[[ DATA UNDER STUDY, beginning ]]

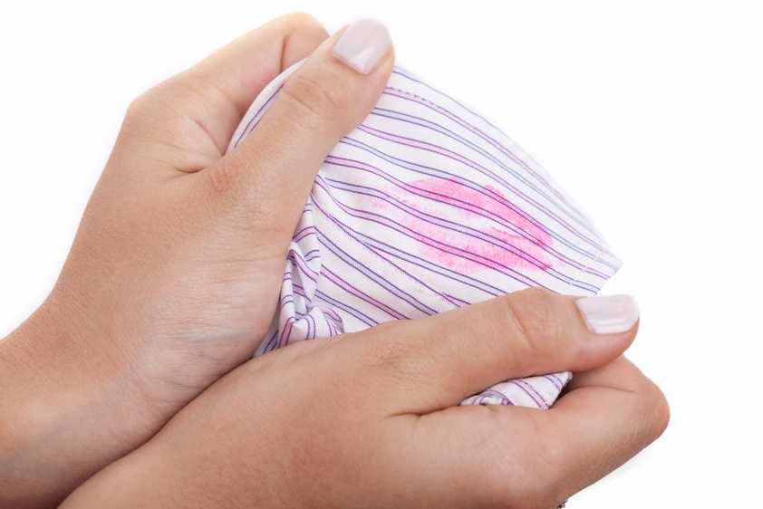 Неосторожное движение во время одевания может привести к появлению пятна от помады. Для того чтобы справиться с свежим загрязнением, рекомендуется сначала использовать тальк, который поможет абсорбировать лишний жир. Нанесите его на пятно и подождите несколько минут. Затем можно приступить к выведению пятна с помощью нашатырного спирта.
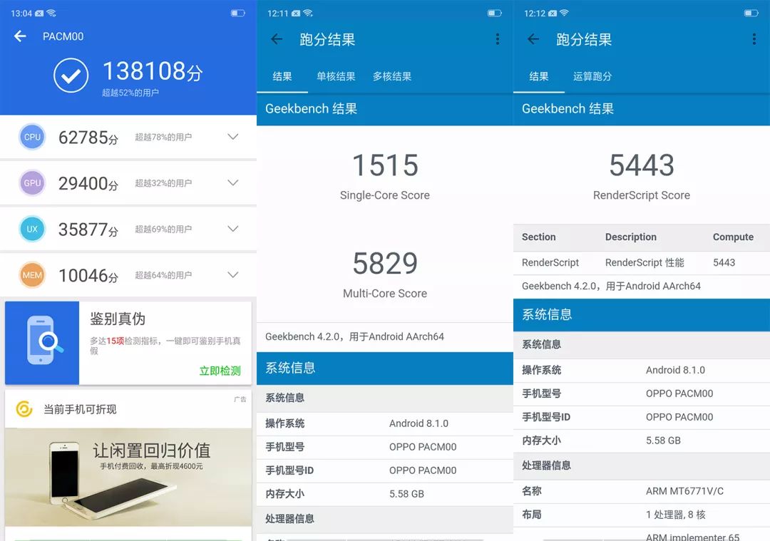 我们首先用多个跑分软件来测试处理器平台的理论性能,跑分结果显示,OPPO R15 的安兔兔成绩为 138108 分,GeekBench 4.2 跑分单核成绩为 1515 分,多核成绩为 5829 分,运算跑分 5443 分。
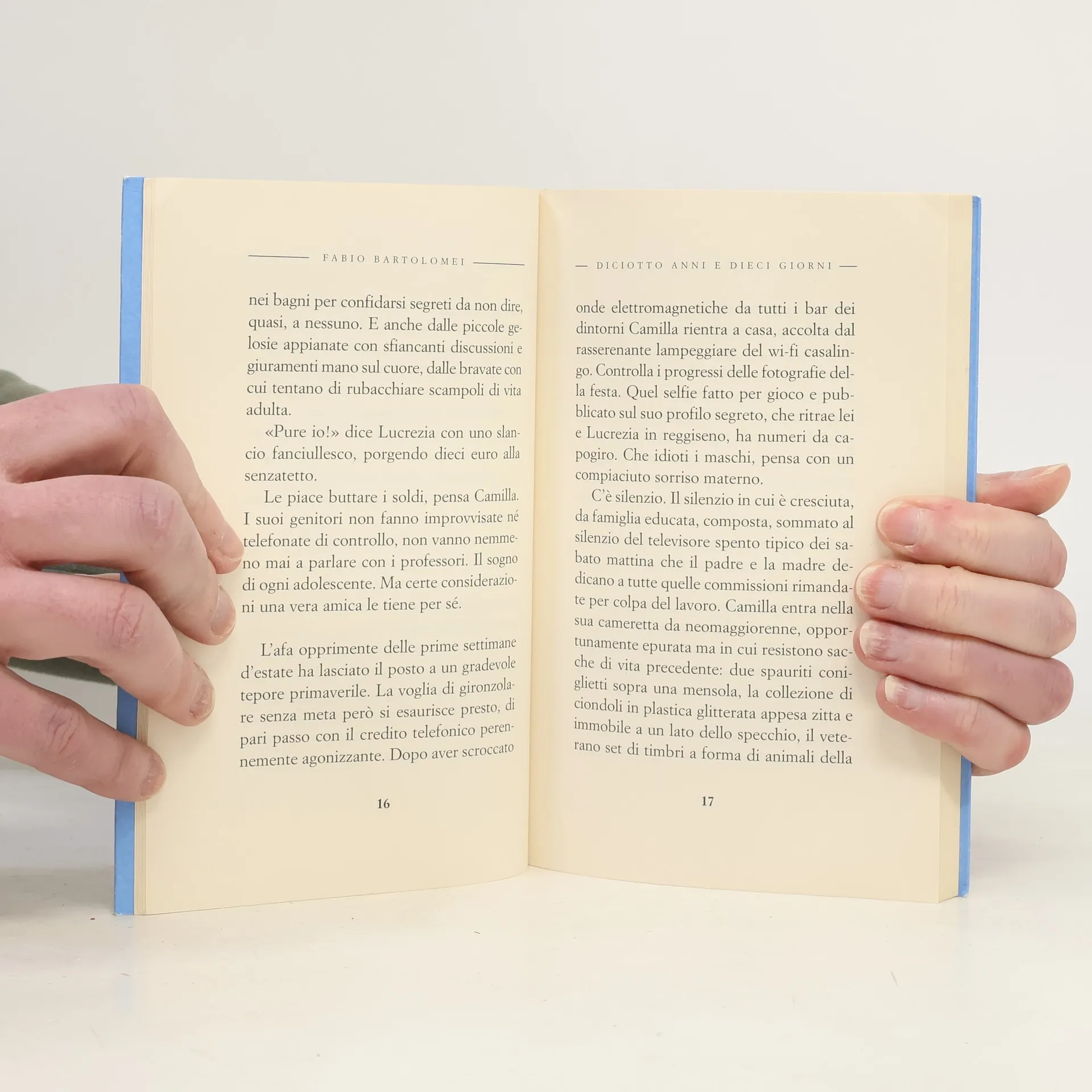 Qualcuno ha piazzato una bomba a orologeria nella spensierata vita di Camilla.Il secondo romanzo breve della “Quadrilogia della famiglia”. Con Fabio Bartolomei si ride in maniera intelligente.Viziata dai genitori, spalleggiata dalle amiche del cuore, blandita dai follower, Camilla è impreparata ad affrontare i rovesci della vita. Se ne renderà conto nel giorno del suo diciottesimo compleanno quando un’imprevedibile e scioccante scoperta la costringerà ad avventurarsi fuori dall’orbita protetta del suo mondo e a mettere alla prova le sue amicizie, le sue ingenue certezze sulla vita e tutti i limiti degli insegnamenti ricevuti.Diciotto anni e dieci giorni, il secondo romanzo breve della “Quadrilogia della famiglia”, è una commedia incentrata su un esilarante viaggio intrapreso per rimettere insieme i pezzi di una famiglia allo sfascio che, disavventura dopo disavventura, diventa l’occasione per mettere in luce e celebrare il primo esitante passo nell’età adulta.
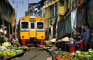 Arrive the Train Market. Then walk along the market and wait to see when the train is coming through the market.
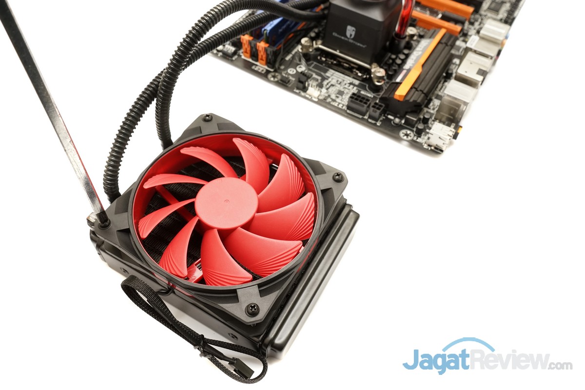 Terakhir, karena pengujian dilakukan di dalam casing, kami memasang radiator berukuran 120mm milik Gamer Storm Captain 120 pada bagian atas casing pengujian.
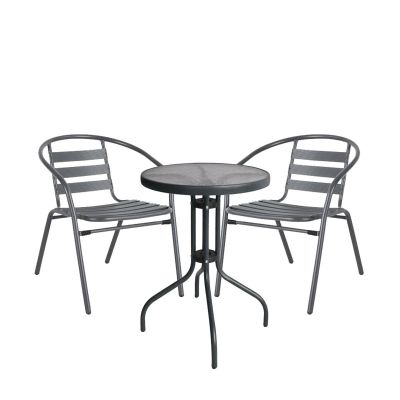 Σετ Τραπεζαρία Κήπου ArteLibre MARS Μέταλλο Γκρι Με 2 Πολυθρόνες

[[ DATA UNDER STUDY, end ]]

ACTION ITEM → Take the data above and repeat it exactly, leaving each picture out.

SOLUTION →
 Неосторожное движение во время одевания может привести к появлению пятна от помады. Для того чтобы справиться с свежим загрязнением, рекомендуется сначала использовать тальк, который поможет абсорбировать лишний жир. Нанесите его на пятно и подождите несколько минут. Затем можно приступить к выведению пятна с помощью нашатырного спирта.
 我们首先用多个跑分软件来测试处理器平台的理论性能,跑分结果显示,OPPO R15 的安兔兔成绩为 138108 分,GeekBench 4.2 跑分单核成绩为 1515 分,多核成绩为 5829 分,运算跑分 5443 分。
 Qualcuno ha piazzato una bomba a orologeria nella spensierata vita di Camilla.Il secondo romanzo breve della “Quadrilogia della famiglia”. Con Fabio Bartolomei si ride in maniera intelligente.Viziata dai genitori, spalleggiata dalle amiche del cuore, blandita dai follower, Camilla è impreparata ad affrontare i rovesci della vita. Se ne renderà conto nel giorno del suo diciottesimo compleanno quando un’imprevedibile e scioccante scoperta la costringerà ad avventurarsi fuori dall’orbita protetta del suo mondo e a mettere alla prova le sue amicizie, le sue ingenue certezze sulla vita e tutti i limiti degli insegnamenti ricevuti.Diciotto anni e dieci giorni, il secondo romanzo breve della “Quadrilogia della famiglia”, è una commedia incentrata su un esilarante viaggio intrapreso per rimettere insieme i pezzi di una famiglia allo sfascio che, disavventura dopo disavventura, diventa l’occasione per mettere in luce e celebrare il primo esitante passo nell’età adulta.
 Arrive the Train Market. Then walk along the market and wait to see when the train is coming through the market.
 Terakhir, karena pengujian dilakukan di dalam casing, kami memasang radiator berukuran 120mm milik Gamer Storm Captain 120 pada bagian atas casing pengujian.
 Σετ Τραπεζαρία Κήπου ArteLibre MARS Μέταλλο Γκρι Με 2 Πολυθρόνες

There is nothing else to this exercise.